Agreed, but I don't think it matters. Anyone interested in discrete maths (so, CS) will pick up Haskell quickly.
- "People who risk their company's investment (or make any important decision) based on stuff they drool over, might need to get their priorities straight."
Depends on your company's size and ethos. I'd rather have a few great people than a room full of monkeys, but I understand arguments that go the other way.
Many of the super programmers at google have PL research backgrounds! Like Jeff Dean. Most of the others are in systems, which are fairly aligned, and often both. Such PL enthusiasts are the last ones to try and switch the language being used.
> Such PL enthusiasts are the last ones to try and switch the language being used.
As a PL enthusiast myself, I agree with this.
By the time I had my first job out of college, I'd written programs in some twenty-odd different PLs, and felt comfortable with many of them. My employer needed me to learn SAS, so I did. They wanted some code written in Java, so I wrote it. Neither SAS nor Java is particularly fun to program in the way Haskell et al. are, but that's what they wanted, and I could do it.
There was a whole team of Java guys, and when asked to learn SAS they sat around bemoaning it and whining about how Java is so much better. "Why not just do it in Java?" they asked.
I've run into similar experiences at every company since. If people don't want Java, they want C++ or Perl. If someone writes a utility in Python, there are complainers. Some programmers will refuse to even use a particular program if it's not written in their language of choice.
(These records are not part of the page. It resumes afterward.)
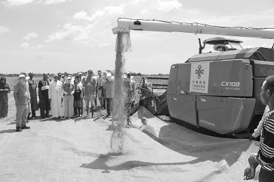 10月初,乍得哈杰尔-拉米斯省杜吉亚区米代金村迎来一年一度的收获季,中国援乍得农技援助项目在此举办“丰收节”。图为10月4日,人们观看收割机作业演示。新华社发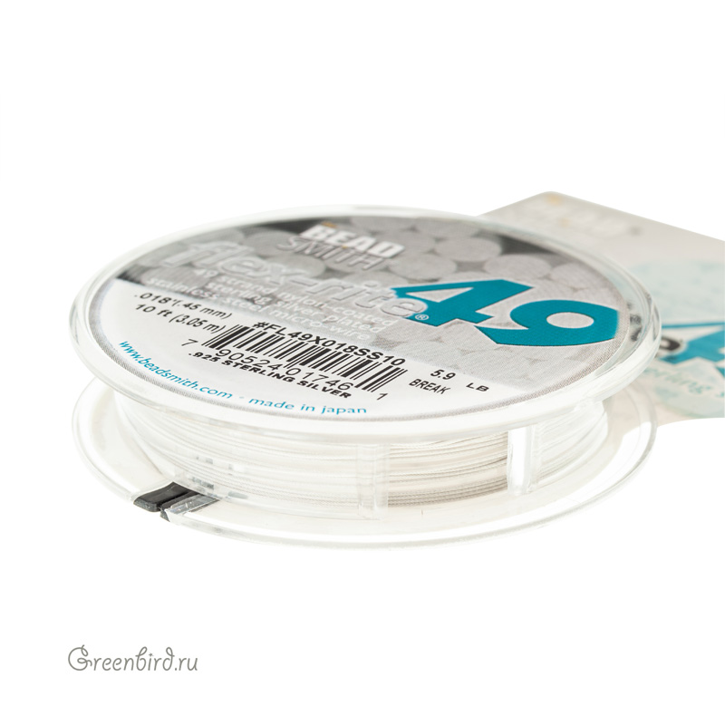 Ювелирный тросик Flex-Rite 49 (49 стальных струн) с нейлоновым покрытием. Диаметр: 0,45 мм, дополнительное покрытие: серебро (sterling silver), цвет: жемчужный. Выдерживает вес до 2,6 кг. Производство: Япония. Цена указана за 1 катушку 10 футов (3,05 м).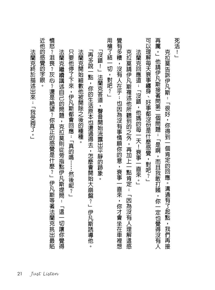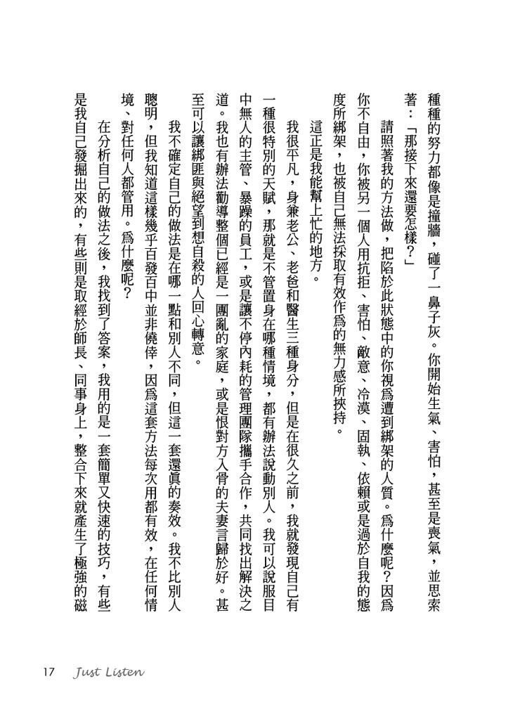 一邊看《先傾聽就能說服任何人》這本書,我的大腦也一邊忙碌地回顧:碰到同樣的狀況,自己會如何處理應對?幸運的是,我的工作跟本書的作者馬克.葛斯登有很多異曲同工之處,包括專業心理諮商、為企業提供員工心理諮商與輔導協助、寫書以及演講。我發現,作者不僅將心理諮商技巧融會貫通,而且將精華提煉得簡單好消化,即使沒有心理學相關背景的人也能夠透過有效的提問,輕鬆引導別人從抗拒到傾聽、從考慮到願意、從願意到行動,這套「行為改變技術」適合所有需要與人溝通的主管、上班族、父母、夫妻,還有渴望「改變關係」的人,相信都能從這本書中得到意想不到的收穫。 --林萃芬(專業諮商心理師)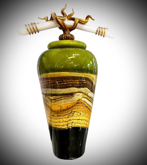 Gartner Blade is the collaborative work of Danielle Blade & Stephen Gartner. Business partners since 1996, they combine their ideas, techniques, and experiences to create original works in both blown and sculpted hot glass. They are continually developing pieces that explore their interpretation of objects commonly used in rituals and worship. The inspiration for these pieces begins with their mutual fascination with the many vessels and sculptural objects that are revered in rituals of both primitive and contemporary cultures. Natural elements such as bone, wood, vine and rock formations combine with our highly original color palette to create their signature pieces. Their work merges traditional hand blown glass techniques with innovative color applications and original sculpting techniques.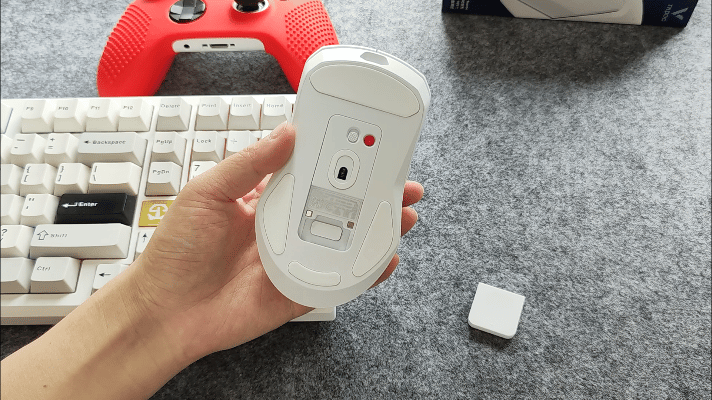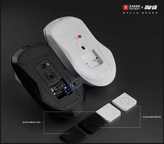 鼠標設有隱藏式磁吸收納倉,避免接收器丟失,磁吸蓋還可以替換為充電模塊擴展倉,無線充電模塊需要另外加購哦。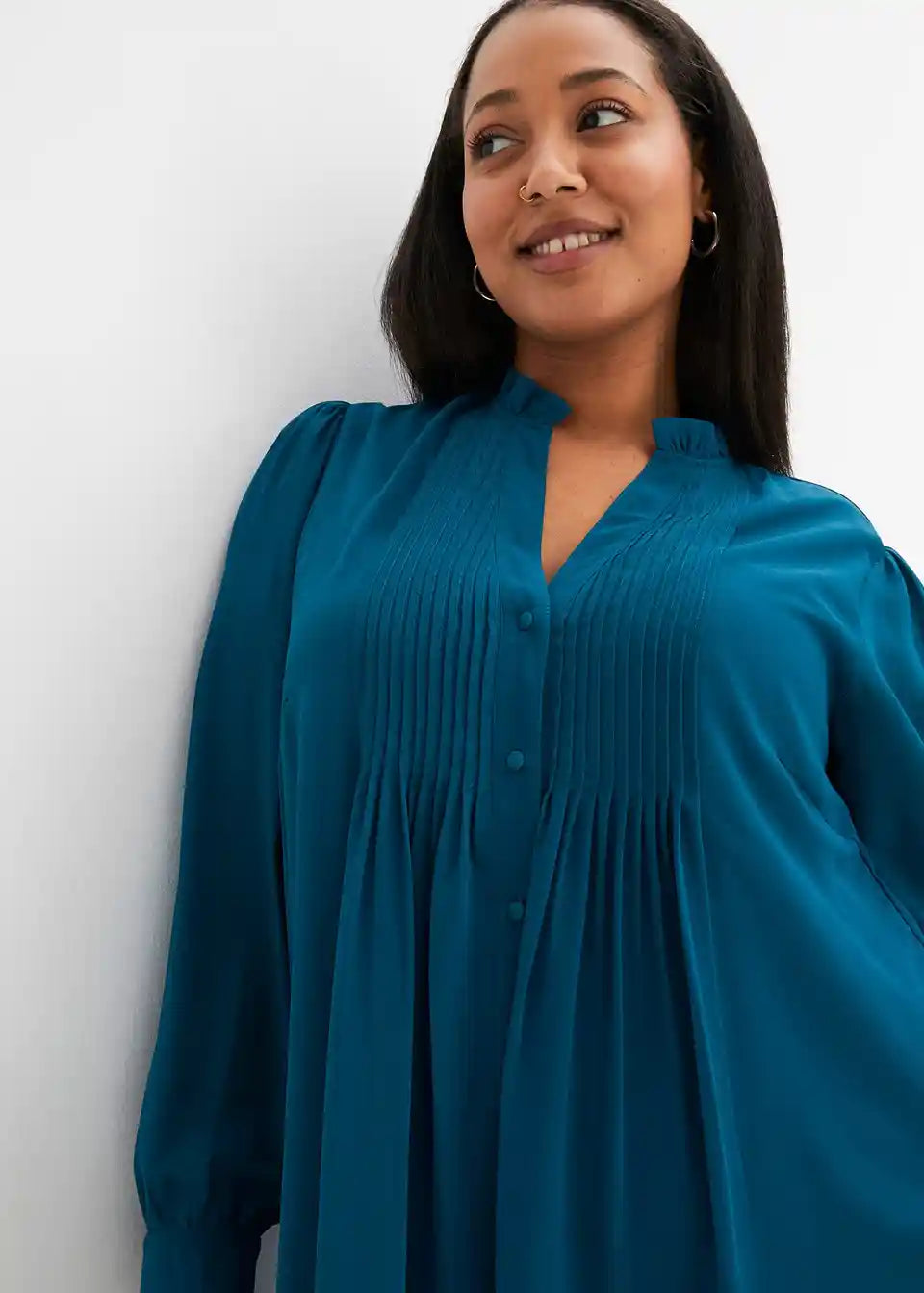 ženstvena obleka z gubami spredaj pri izrezu

In my experience, it's usually the people who aren't PL enthusiasts that are more opinionated about language choice, simply because they're less flexible.
That means it's a great filter, though, in one way—it has high precision but low recall. If you're building a smallish team on a lowish budget then precision is vital and recall isn't.
Assuming the remaining population is sufficient (which, for Haskell, for a smallish team, in a job that can be done remotely or is in a tech hot-spot, it probably is).